Stacey, who thought his sister was being badly scolded for no reason at all, gave her a sly friendly smile, at which her face brightened. She recovered so quickly, indeed, and her husband had shown, throughout, such absence of any discomfort, that Stacey concluded Julie must be inured to this sort of harshness. He tried to remember whether his father had always been so sharp with her, but couldn’t.
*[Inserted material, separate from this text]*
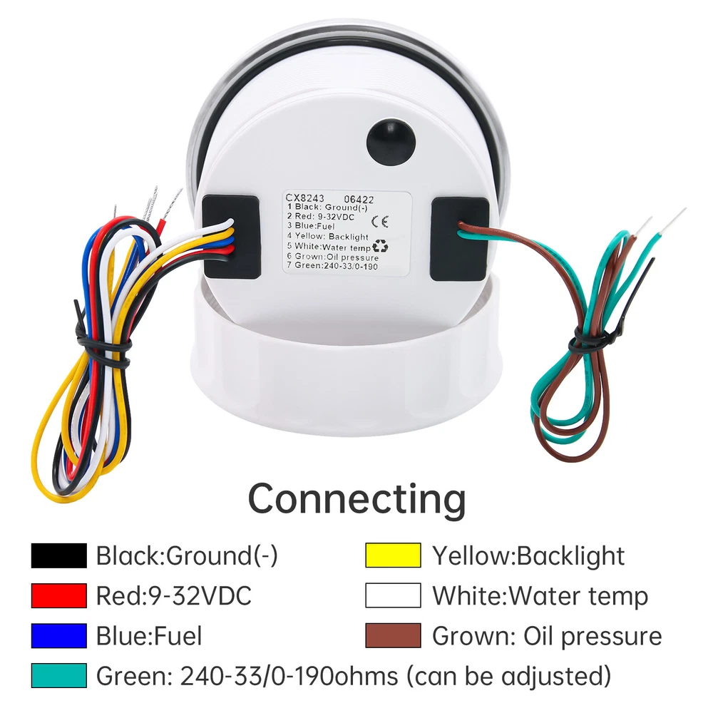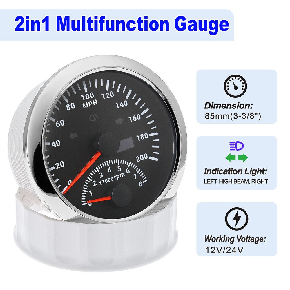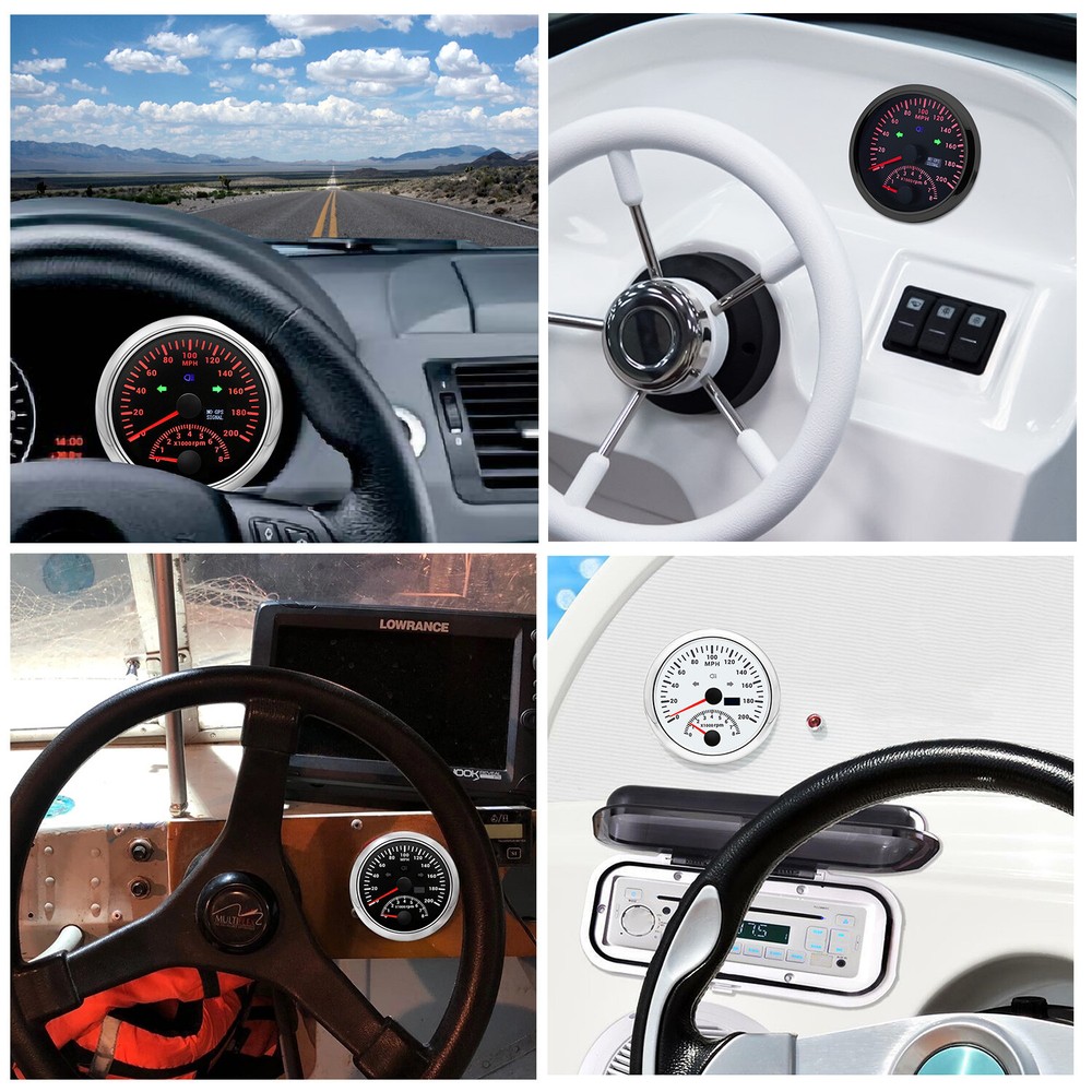 2 Gauge Set 85mm GPS Speedometer 0-200MPH & 4IN 1 Fuel/Water Temp/Oil Press/Volt 2 Gauge Set with Senders 85mm GPS Speedometer 0-200MPH with 85mm Fuel Level Water Temp Oil Pressure Volt For Car Boat Features: Suitable for all vehicles and off-road vehicles The signal comes directly from the satellite signal receiver(GPS Antenna), don't need other speed sensor. The gauge has the advantages of high precision, quick location confirmation and short start up time. IP67 waterproof and dustproof grade Reverse polarity protection and anti-fogging performance Stepper motors used for full range of stepping gauges, great feature with its less power consumption, longer life, higher precision, etc. Most importantly, the gauge is easy to setup, and can be used in all vehicles, boats and off-road vehicles. Speedometer Specifications: Application: Universal fit for Motorcycle/ Boat/Truck/Bus/Car Electronic Speedometer (stepper motor) No Mechanic Sensor, get speed signal from GPS Speed ≠0 and show accurate speed in tunnel with the help of accelerometer Total Mileage Adjustable GPS Blind Area Odometer Compensation OverSpeed Buzzer Alarm (Value Adjustable) Indication Light (Left, Right and High Beam Installation Diameter: 85mm (3 3/8") Speed Range: 0~200MPH RPM Range : 0~8000RPM Mileage Range: 0-99999.9miles Working Voltage: 12V/24V Working temperatures: - 40 to 85°C Protection rank: IP67 Waterproof Reverse polarity protection and anti-fogging performance 4 IN 1 Gauge Technical Data: Fixing dimension: 85mm Indicating Range: Oil press. meter: 0-150PSI Water temp. meter: 100-250℉ Fuel level meter: 0-190ohms/240-33ohms, empty-full; The signal can be adjusted Voltmeter: 8-16V Working Voltage: 12V Input Signal: 10-184ohms for 0-150PSIoil pressure meter; 0-190ohms for fuel level meter;(Default 0-190ohms, can adjust to 240-33ohms) 8-16V voltage meter; Input Signal 320-22ohms for water temperature meter Red backlight Protection grade is IP67, the whole body is completely waterproof; Excellent antifogging function; 316 Stainless steel bezel with curved glass; Convenient Installation by multi-plug socket connecting way; Accessories: matched with connectors, Installation Instruction Package Included: 1 x 85mm 4 in 1 Multifunctional Gauge 1 x 85mm GPS Speedometer Gauge 1 x GPS Antenna 1 x M16*1.5 Tacho Sensor 1 x 1/8NPT Oil pressure Sensor 1 x 1/8NPT Water Temp Sensor 2 x Cable 2 x Installation Instruction

“Jimmy would have had his chance, no doubt,” Mr. Carroll remarked, “if the war had lasted a few months longer, as it should have.” He frowned. “I believe,” he went on solemnly, “that the Armistice will prove to be the biggest disaster the world has ever known.” And he looked about him fiercely.

The first time that Stacey had heard this sentiment expressed (at tea, in Rome, at the house of an elderly American gentleman whom every one cultivated because he mysteriously always had butter and sugar), he had first felt genuine horror, and then immediately had flown into a white ungovernable rage during which he said things that had reduced the kindly old gentleman, who was used to having every one pleasant, to a state of helpless trembling discomfort. However, by now Stacey was growing used to the sentiment (it had been mentioned, for instance, on the boat, and the smoking-room of the Pullman car had rung with it). It no longer produced in him any emotion save a weary scorn.